4. An assay according to claims 1 or 3, wherein the determination of the level of the antibody comprises:

(a) immobilizing the 75 kD platelet-protein or an antibody-binding fragment thereof, onto a solid support;

(b) contacting the sample with the immobilized protein under conditions allowing antibody-antigen binding;

(c) removing unbound antibodies from the solid support; and

(d) determining the level of antibody bound onto the solid support.

5. An assay according to claim 4, wherein the determination of step (d) comprises adding to the bound antibodies anti-human immunoglobulin antibodies conjugated to a detectable marker.

6. An assay according to claims 2 or 3, wherein determination of the 75 kD platelet protein level comprises:

(a) immobilizing the sample's proteins onto a solid support;

(b) contacting the immobilized proteins with platelet-associated antibodies capable of specifically binding to the 75 kD protein or with antigen-binding fragments thereof of said antibodies;

(c) removing unbound antibodies from the solid support;

(d) determining the level of bound antibodies.

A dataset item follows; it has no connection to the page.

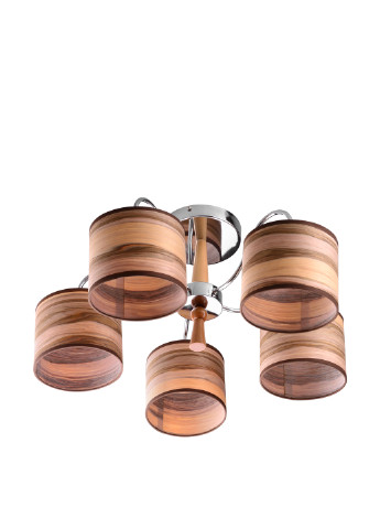 идеальный вариант для освещения небольшой уютной кухни с невысоким потолком – люстра BKL-638S/5 E14. Потолочная модель подойдет и для загородного дома, ибо выполнена с использованием шпона – тонкого слоя древесины с текстурным рисунком (хвойных или лиственных пород). Шпон отличается экологичностью, долговечностью, устойчивостью к влажности. Для загородной кухни в самый раз. Конструкция представлена металлическим хромированным каркасом, к которому прикреплено пять плафонов из шпона. Они выполнены в форме цилиндра, приглушают излучаемый лампами свет, придавая ему мягкость. Для работы необходимо использовать пять ламп с цоколем Е14 мощностью 4 Вт. Это могут быть как лампы накаливания, так и энергосберегающие или светодиодные. Рассчитан светильник для работы от сети 22 В. Тип крепления – монтажная планка. Дополнительная информация: Высота плафона – 12 мм Диаметр плафона – 15 мм. Высота х диаметр (мм): 500х290

7. An assay according to claim 6, wherein the determination of step (d) comprises adding to the bound antibodies anti-human immunoglobulin antibodies conjugated to a detectable marker.

8. An assay of claim 6, wherein the immobilization of step (a) comprises electrophoretically separating the sample's proteins on a polyacrylamide gel and then immobilizing said separated protein on to a nitrocellulose support.

9. A method according to claim 8, wherein the gel is a 7.5-15% acrylamide gradient gel.